What these philosophers are encouraging us to recognise is that the best way to help ourselves to learn about how we perceive is to focus on developing our awareness of being aware; to practice mindfulness relentlessly. A great deal of the advice offered is orientated around allowing thoughts to pass through with the associated emotions, rather than allowing them to become the focus of our attention. It might seem hypocritical of these great thinkers to encourage us not to overthink. However, the impression taken by this writer is that we are being asked to differentiate between contemplating and ruminating.
Somebody whose primary reference points come from the Tao Te Ching might refer to holding onto the centre, or embodying “wu wei” (doing not doing). As interpreted in the referenced translation of this scripture, wu wei is not inaction, but a state of being in which the optimum action presents itself. This state of being is incongruous with the inner turmoil that blights so many, but is a remedy to it, the perceived inability to access which can feel frustrating; not least because the frustration itself is another manifestation of the suffering from which we aim to be free.
The Buddhist tradition refers to the eightfold path, but these eight might have had their origins in a more homogenous term equivalent to “the middle way”. The results of following this “middle way” might fairly be compared to those intended by following Lao Tzu’s advice to “hold on to the centre.” The inadequacy of words to convey comprehensive complexity without contributing to compounded, confounded confusion can be seen in the potential for the reader to interpret this “holding on” as directly contradicting the general encouragement to relinquish attachments to ideas or concepts.
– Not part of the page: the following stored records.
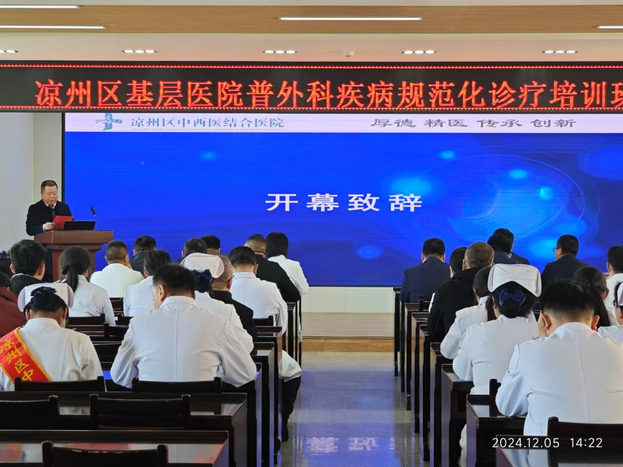 期间,凉州区中西医结合医院普通外科举办凉州区基层医院普外疾病规范化诊疗培训班,凉州区中西医结合医院领导班子及兰大二院普通外科专家等相关专业医护人员共100余人参加。会议由凉州区中西医结合医院副院长张先主持。
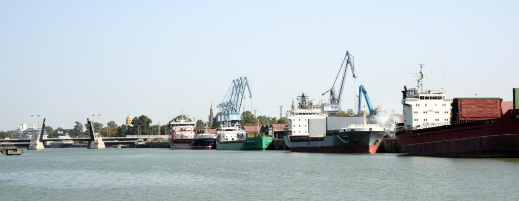 Operativa portuaria en el muelle de Tablada
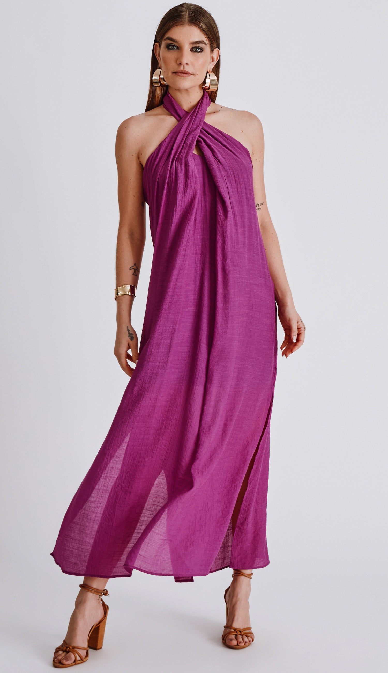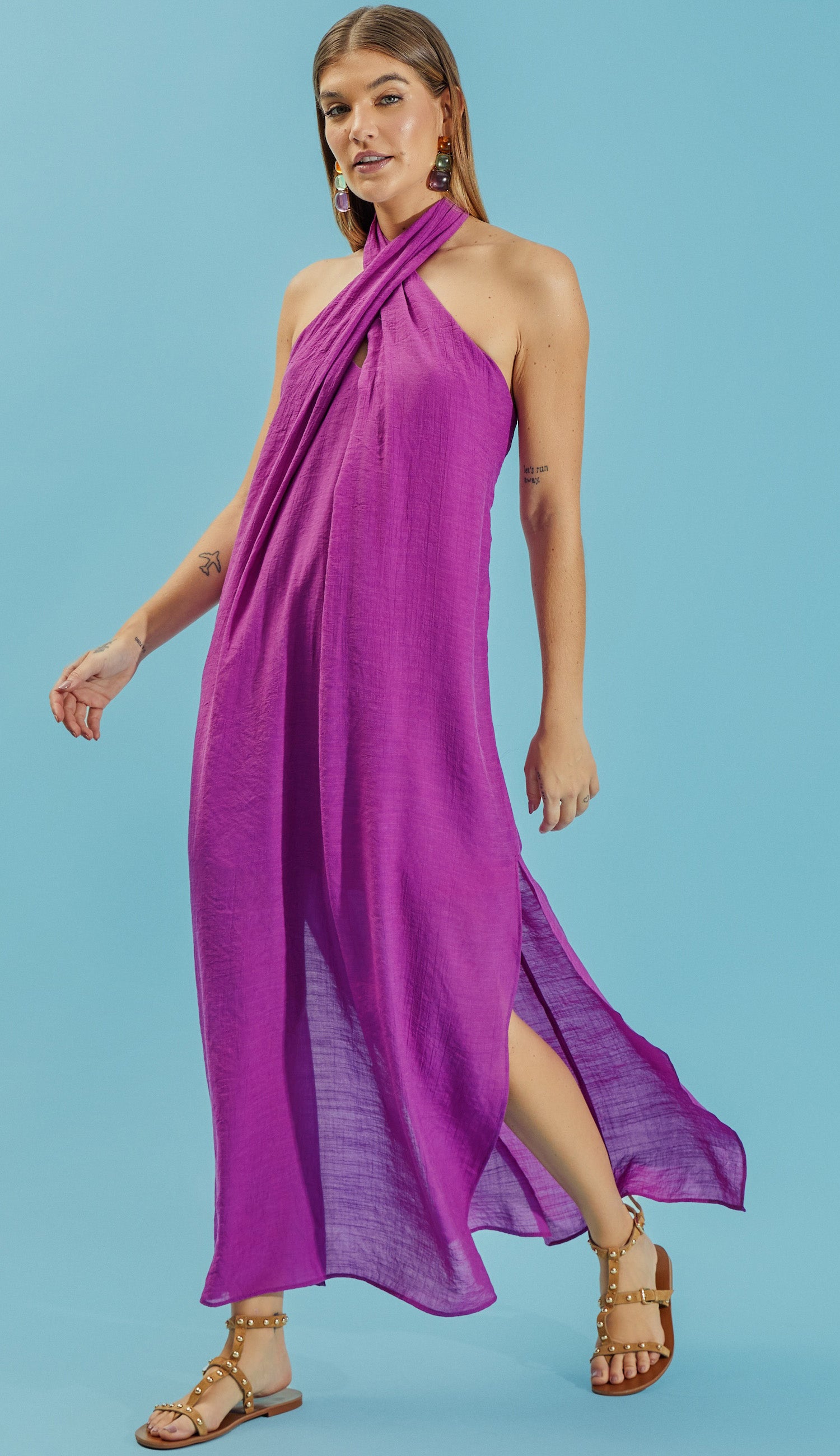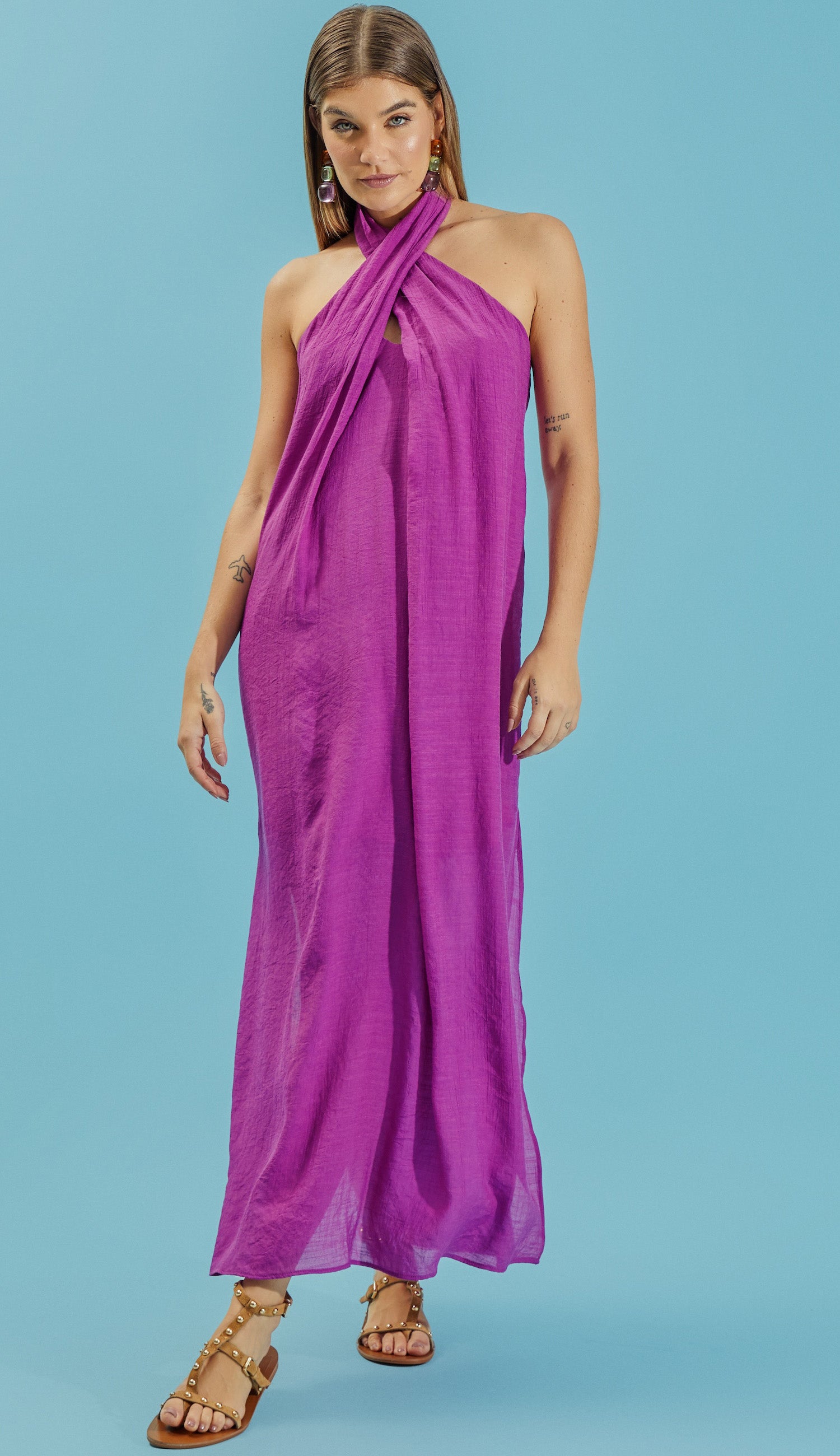 Vestido longo e amplo com forro, confeccionado em poliviscose texturizado com aspecto de linho e efeito amassadinho. Possui modelagem frente única com faixas pregueadas e transpassadas que vão até o pescoço com fechamento por botões esmaltados na nuca, costas nuas, lastex franzido nas costas da saia para melhor ajuste ao corpo, fendas laterais e acompanha faixa solta para amarrar.

When we realise that holding onto this centre can help us to avoid falling victim to fluctuating moods, then perhaps we are starting to glimpse the first signs of what we already knew but had forgotten.
It seems of paramount importance to bear in mind constantly that we are easily capable of convincing ourselves that we know something which is more a projection of our insecurities, as betrayed by our respective perspective, than it is inalienable fact. This can be a distressing realisation but the suggestion here is that avoiding these truths serves primarily to alienate us from a sense of connection to reality, which can inhibit our willingness to accept what is. If we are to avoid this internal conflict, we must learn how to see things as objectively as we possibly can. Forgiving ourselves and others when behaviour falls short of an anticipated standard is necessarily part of this process. Maintaining sufficient semblances of standards whilst exemplifying a compassionate and empathetic outlook can be tricky!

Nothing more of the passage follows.